MSDP & its operation

MSDP & its operation

MSDP stands for Multicast Source Discovery Protocol. As the name suggest, it discovers multicast sources in other PIM domains. Hence, the group members do not have to be directly dependent on another domain's RP.

MSDP uses TCP port 639 for its peering connections. The peer with lowest IP address attempts to initiate the MSDP session- this becomes the active peer. When an RP in a PIM domain learns of a new sender (source) via a Register message sent by the PIM DR of the source, the RP creates (also an MSDP speaker) a Source-Active (SA) message and advertises to its MSDP peer.The SA message contains the following information-

1. The IP address of the multicast source

2. Group address the data source sends to

3. IP address of the RP

Each MSDP peer receives SA message and forwards the message away from the RP address in peer-RPF flooding fashion to its MSDP peers. The MSDP peer consults the BGP next-hop database to determine the next-hop toward the SA's originator.
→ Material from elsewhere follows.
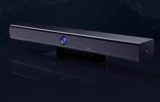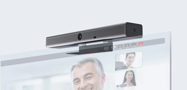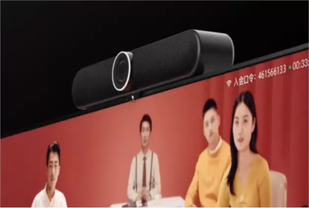 这款产品被称为会议室显示设备的百搭神器,外观像一个条形的音响,小体型高度集成了摄像头、麦克风、扬声器、视频会议主机于一体,开视频会议不用再接一大堆设备,也不用担心云会议软件兼容问题,将这款视频会议神器一线接到投影仪、电视等任一显示设备,就能满足异地高清视频通话的需求。

That next-hop neighbor is the RPF-peer for the originator, and the SA's received from the originator on any interface other than the interface to the RPF-peer are dropped.
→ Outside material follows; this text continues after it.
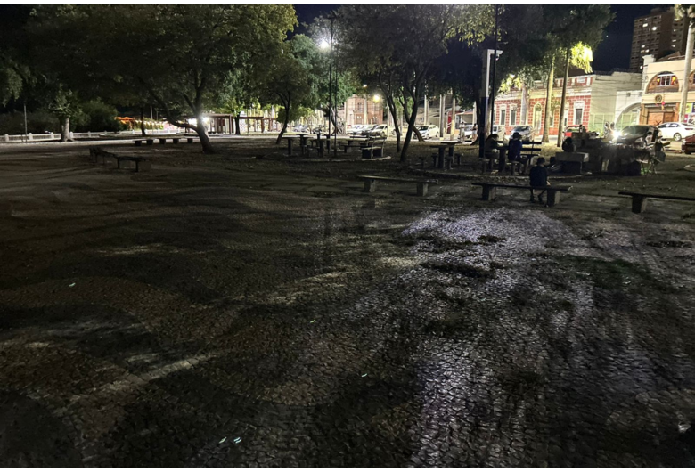 Estávamos na Praça Generoso Ponce, no coração da cidade, em plena Avenida General Rondon. Um cartão-postal… de outro tempo. Porque o que vimos foi só sombra. Todos os postes da praça estavam apagados. A única iluminação vinha da rua, como se dissesse: “olhem pra cá, mas só da calçada pra fora”.

When the MSDP peer/RP receives the new SA message, it determines if there are any other group members within the domain interested in any group described in the (S,G) entry within the SA message i.e. the RP checks for a (*,G) entry with a non-empty outgoing interface list (indicating a group member for that particular group). In this case, the RP creates a (S,G) entry rooted to the data-source present in other PIM domain. This sets up a branch to the source-tree to this domain. As multicast packets arrive at the RP, they are forwarded down its own shared-tree inside the domain. If the members' DR wish to join the source-tree, they have the option to do so according to standard PIM procedures.
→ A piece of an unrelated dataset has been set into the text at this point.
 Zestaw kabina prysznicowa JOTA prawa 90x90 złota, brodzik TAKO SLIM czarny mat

To configure an MSDP peer on an RP, use

ip msdp peer <peer-ip-address> connect-source <source-interface> command from global configuration mode.

The SA messages are not cached by MSDP peers which do not have any interested members. To allow caching which can easily reduce join-latency, use

ip msdp cache-sa-state command.

By default, the RP advertises the SA messages once every 60 seconds. The MSDP peer times out the cache entry after 180 seconds if it does not hear any new SA messages.

To view cached SA entries, use show ip msdp sa-cache command.

MSDP Message Types-

There are 5 different types of MSDP messages sent across MSDP peers.

Type 1- SA TLV: The RP advertises the SA message to its MSDP peers when it receives a Register message from a DR. It is sent every 60 seconds.It contains the Data-source IP address, the Group address and the IP address of the RP. An SA message can contain multiple (S,G) entries.

Type 2- SA Request TLV: These TLVs are sent by MSDP speakers to request (S,G) information from MSDP peers which are caching SA states. Non-caching peers will return an error code.

To configure an MSDP speaker to request sa-cache, use ip msdp peer <peer-ip-address> sa-request command.

Type 3- SA Response TLV: This TLV is sent by a caching peer in response to a Type 2 TLV. It contains the data-source ip address, group address and the RP address for the requested (S,G).

Type 4- Keepalive TLV: The passive peer sends a Keepalive message (every 60 seconds) to the active peer if it has no MSDP message to send to keep the TCP session ON. The active peer maintains a Holdtime timer set to 75 seconds which resets every time an MSDP message is received. If the timer expires, the active peer terminates the TCP session.

Type 5- Notification TLV: Notification message is sent when an error is detected. Typical error types are- message-header error, SA request error, SA response error, Holdtime timer expired, FSM error, etc.